(Input begins)

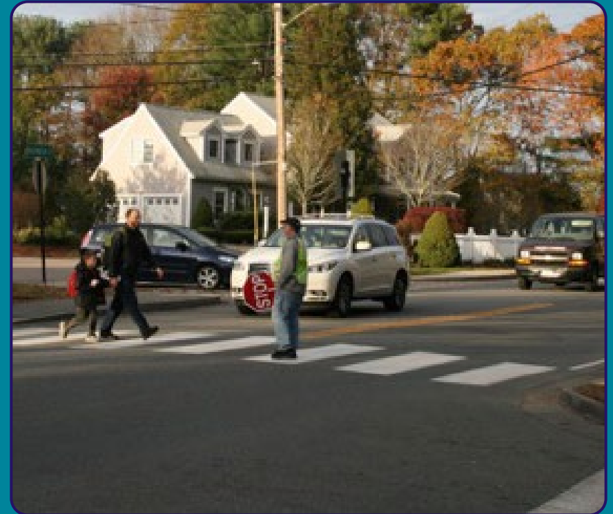
The Safe Routes to School Program: Progress and Opportunities— bostonmpo.org/srts-progress-and-opportunities
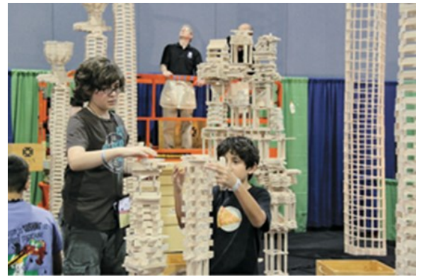
Better building with Keva Planks

Tickets and sponsorships for the Spring Gala are available at www.discoverWCM.org/special-events . Call 421-5050 for summer museum hours and admission donations.
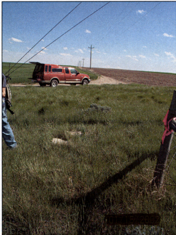
View South FOUND STONE
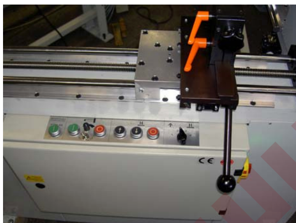
WSM 100 / WSM 100-B Control elements
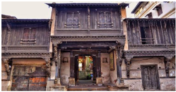
Pol houses in Ahmedabad, Gujarat

and richly embellished facades with intricate decorations, including carvings of religious symbolism. The design elements of Pol houses allow less radiation of heat. Moreover, the open courtyard conserve the cool breeze and the water tank below it keep the surface cooler. The clay roof tiles also kept the rooms cooler, creating a bearable microclimate within pol houses. Pols houses of Ahmadabad that was founded by Sultan Ahmad Shah in 1411 AD was declared a UNESCO World Heritage Site in 2017.
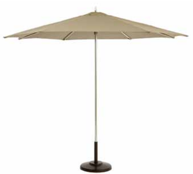
1390-9817 9' x 11' Oval / Single Vent / Auto-Loc-Pulley / 1-1/2" Piece Pole 108w x 132l x 96h

(Input ends)

◆ Your objective
A verbatim copy of all the records, minus the pictures, is the expected answer.

◆ Output
The Safe Routes to School Program: Progress and Opportunities— bostonmpo.org/srts-progress-and-opportunities
Better building with Keva Planks

Tickets and sponsorships for the Spring Gala are available at www.discoverWCM.org/special-events . Call 421-5050 for summer museum hours and admission donations.
View South FOUND STONE
WSM 100 / WSM 100-B Control elements
Pol houses in Ahmedabad, Gujarat

and richly embellished facades with intricate decorations, including carvings of religious symbolism. The design elements of Pol houses allow less radiation of heat. Moreover, the open courtyard conserve the cool breeze and the water tank below it keep the surface cooler. The clay roof tiles also kept the rooms cooler, creating a bearable microclimate within pol houses. Pols houses of Ahmadabad that was founded by Sultan Ahmad Shah in 1411 AD was declared a UNESCO World Heritage Site in 2017.
1390-9817 9' x 11' Oval / Single Vent / Auto-Loc-Pulley / 1-1/2" Piece Pole 108w x 132l x 96h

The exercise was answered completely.